# Help!All my dvds eject in my mac mini



## tulita (Oct 27, 2006)

(HOW TO) I have a MATSHITA CD-RW  CW-8124 that supposedly burns dvd
I have tried dvd -r dvd +r, dvd -rw to no avail
Cannot back up my itunes music
I have a mac mini 1.5 Intel core Solo and Mac OSX 10.4.7

what should I do?


----------



## supanatral (Jan 7, 2007)

Do CD's eject? If not, can you burn on cds?


----------



## gregorytedesco@ (Jan 26, 2008)

Hi, if someone could offer me advice to a similar problem-

I have a MacBook Pro with MATSHITA CD-R UJ-846 and it has functioned perfectly burning both CD-R and DVD-R, but now there is an error when I try to insert DVD-Rs. They automatically eject without any message. (CD-Rs still function fine)

I recently downloaded a Free Trial for a program that installed a VIRTUAL writer-M4PTpMP3 VIRTUAL CD-RW.
(I don't know how to delete the Virtual burner, but I choose the MATSHITA when the option is available)

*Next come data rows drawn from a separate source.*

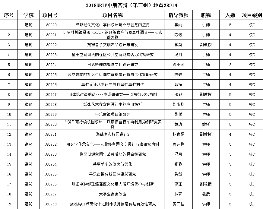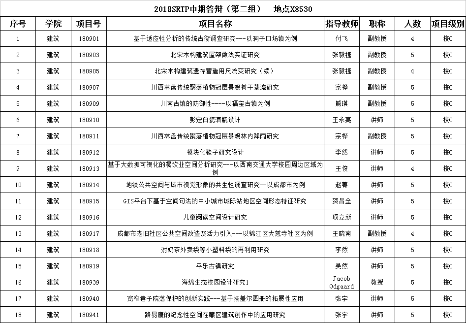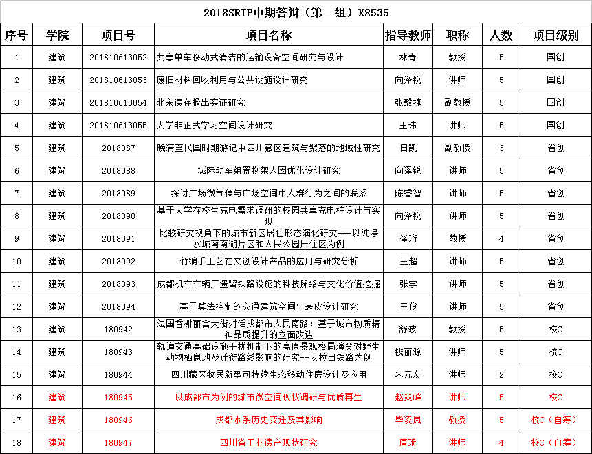 根据大学生创新创业训练计划项目(SRTP)工作流程安排,学院将对已通过本学期第一阶段检查的2018年项目进行中期检查,请做好准备工作。具体安排如下:
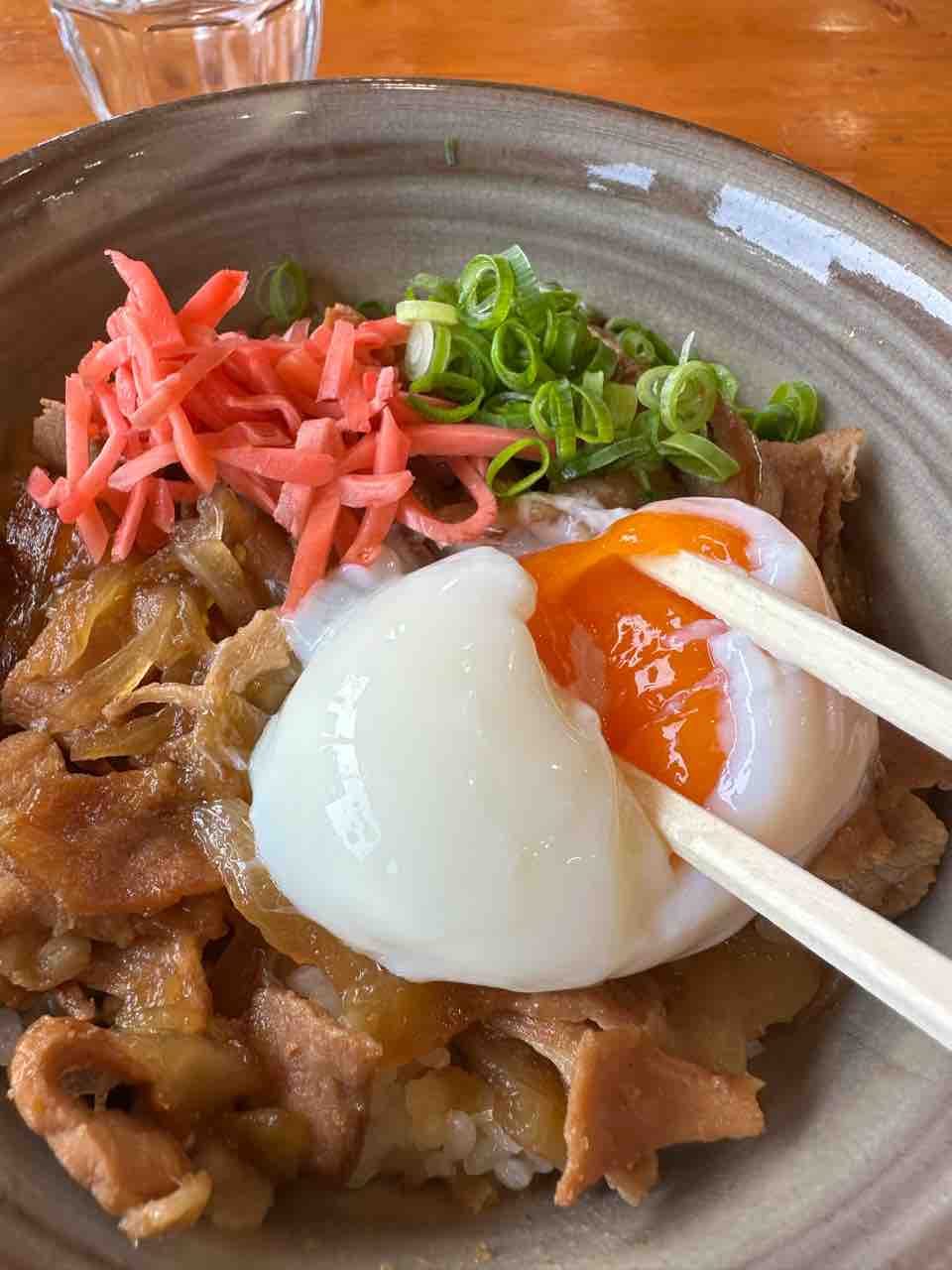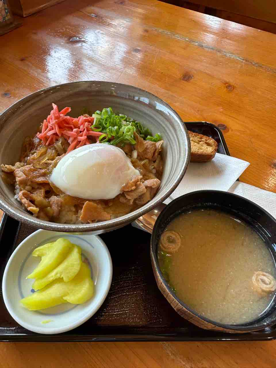 さらに、温泉卵(鬼たまご)がトッピングされており、黄身を崩してご飯と絡めると、まろやかでコクのある味わいに変化します。紅生姜の爽やかな酸味がアクセントとなり、最後まで飽きることなく楽しめました。 セットには、たくあん、味噌汁が付き、箸休めとしてのバランスも良好。
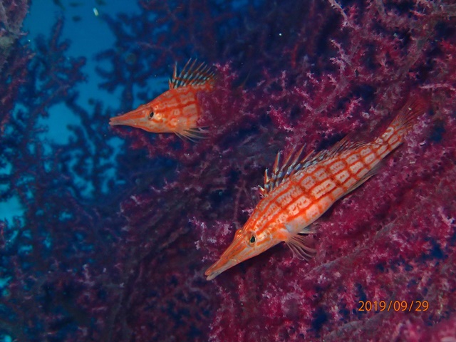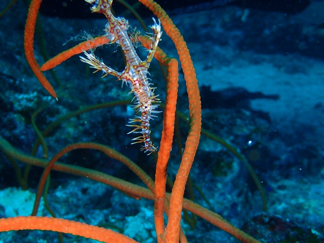 ゆ〜らゆら漂う枯葉のようなカミソリウオのペアは、 大きい方のお腹にびっしり卵が入っていましたよ〜! |

I am wondering if this "M4P To MP3" program is the reason DVD-R's are not being read properly?
If so, how can I repair this?

(I do not think it is a problem with region-coding or type of DVD as I have tried 2 kinds, one of which worked perfectly less than a month ago)

All other types of DVDs seem to be unaffected. DVD Player still reads normal DVDs.
THANKS!!


----------